Regular Car Reviews Takes A Look At The Cadillac XLR, The Almost-Corvette That Could Have Been Much More

An Army buddy of mine, Joe, a good friend, has two cars in his background that I got to enjoy due to his ownership: a 1993 Cadillac Eldorado and a 2001 or 2002 Chevrolet Corvette Z51. The Cadillac was his baby…he bought it after making a staggering amount of money in commission sales as a teenager as a used car, and he made me re-think what it meant to be fastidious about a vehicle. At one point, he chastised me for sitting down too hard in the seats. But he would let me drive it fairly often (usually because I would play the role of designated driver and he was blitzed out of his head after an enjoyable evening out with friends) and before I knew what a temperamental bitch the Northstar V8 was, I was sold on it. Smooth, torquey, and oddly rev-happy, the Northstar gave the otherwise fat-GT Eldorado purpose. Shame they were front-drive, because that was the only thing I couldn’t stand about the car. Okay, the second thing…the first was that it was an emerald-green car with a diaper on the roof that matched the interior color.

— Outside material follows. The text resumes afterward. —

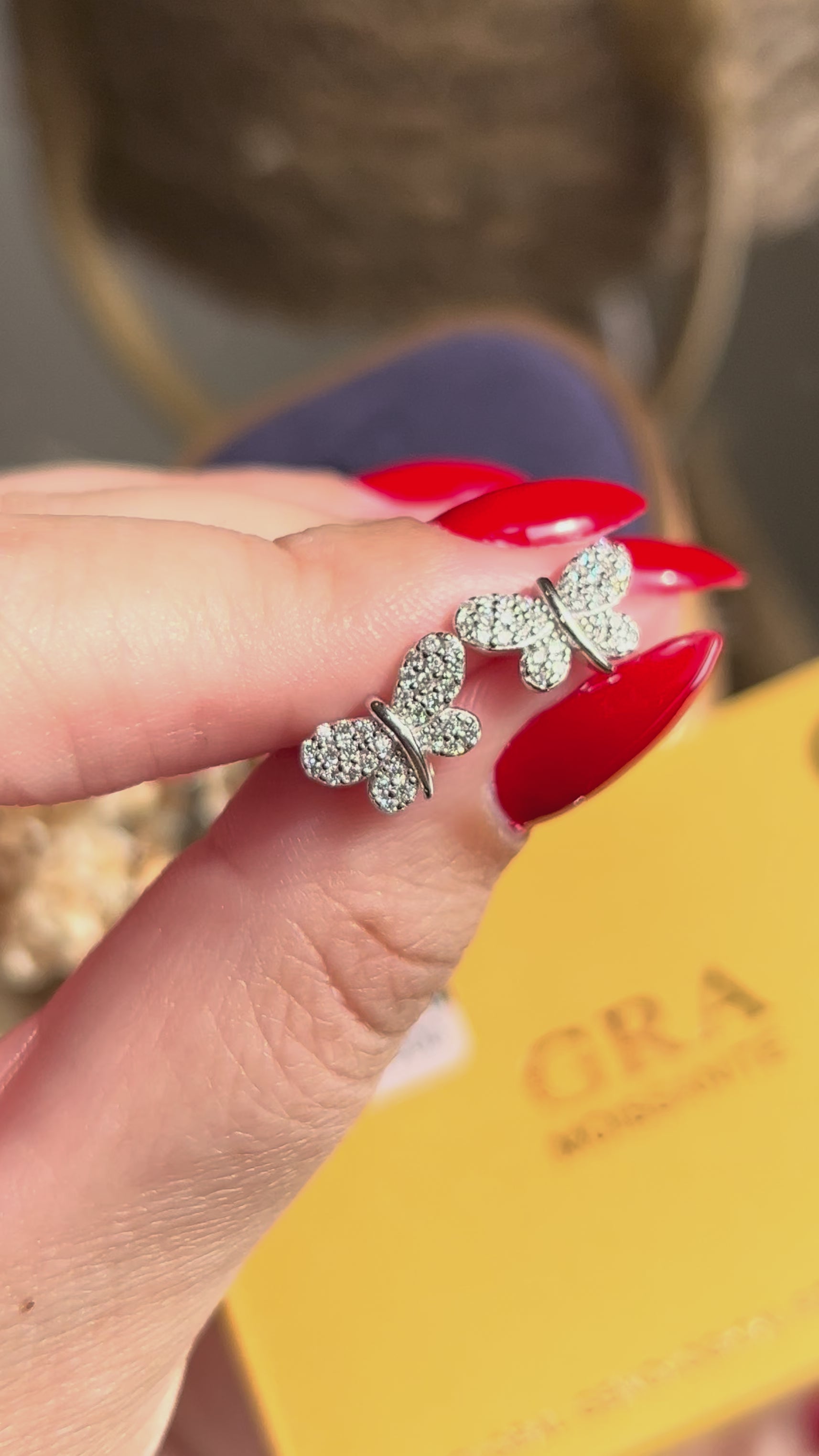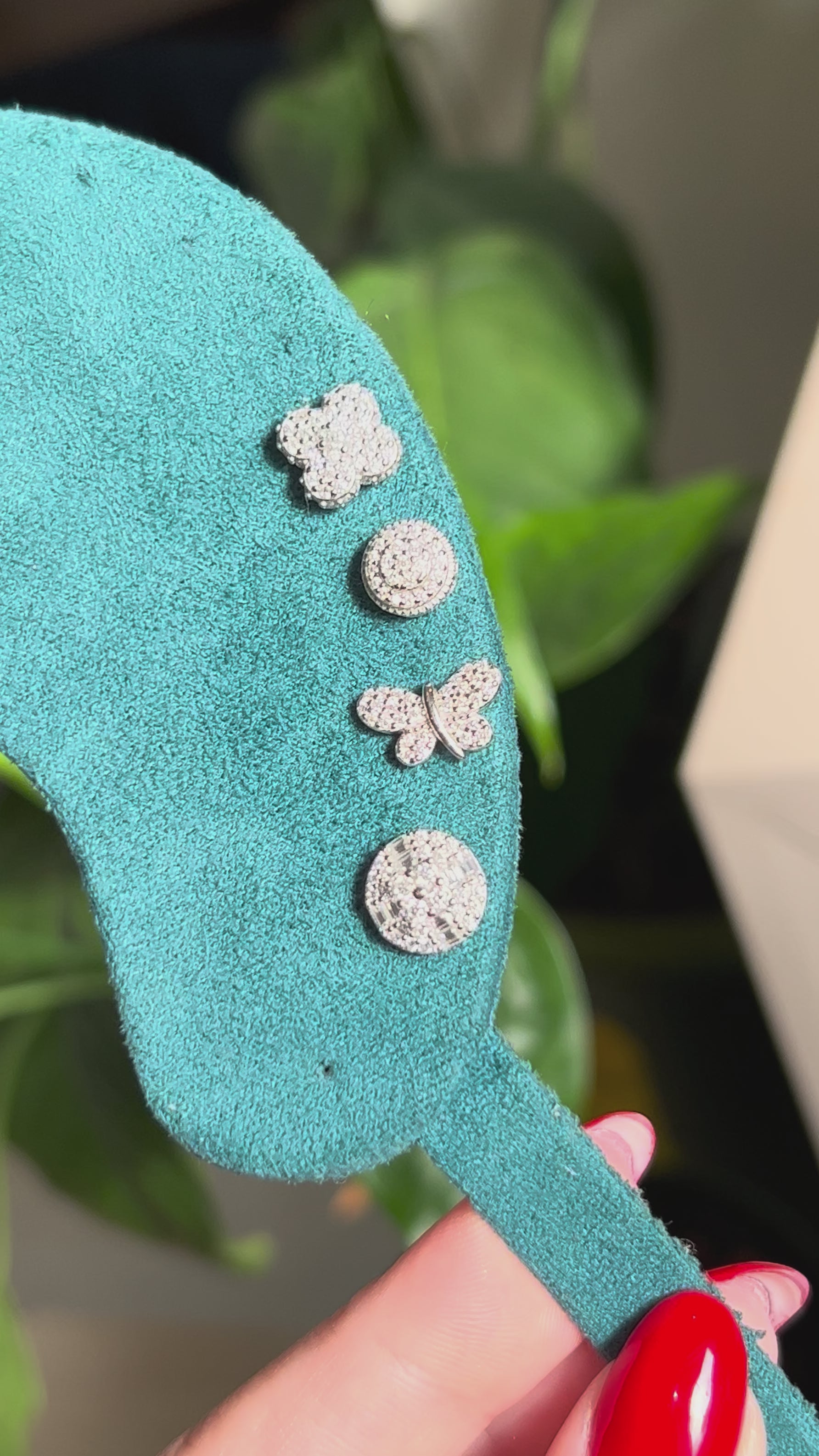 moissanites cravejadas em cada lado do brinco.

If the Caddy was his first paycheck blown, the Corvette was his mid-life crisis that he had when he was in his early 20s. Truth be told, it was after our first deployment. We all had money and quite a few of us bought cars. I traded in a truck for a Buick Regal GS, one guy bought a TDI Jetta, another bought a Dodge Ram Daytona, and Joe bought himself a Corvette. It was a couple of years old, “LOOK AT ME!” yellow, and with the no-name aftermarket mufflers, sounded like the exhaust of a tugboat at idle…and it was an automatic, for the final insult. But that car rocked…that is my current land-speed record car (172 with a +/- of 3mph on a public highway…yeah, I know, stupid, but it happened) and it proved that even a plasticky C5 had magic. The suspension was a gift from GM’s most benevolent side, and the LS…whoo, when they come on, they come on strong! Good car.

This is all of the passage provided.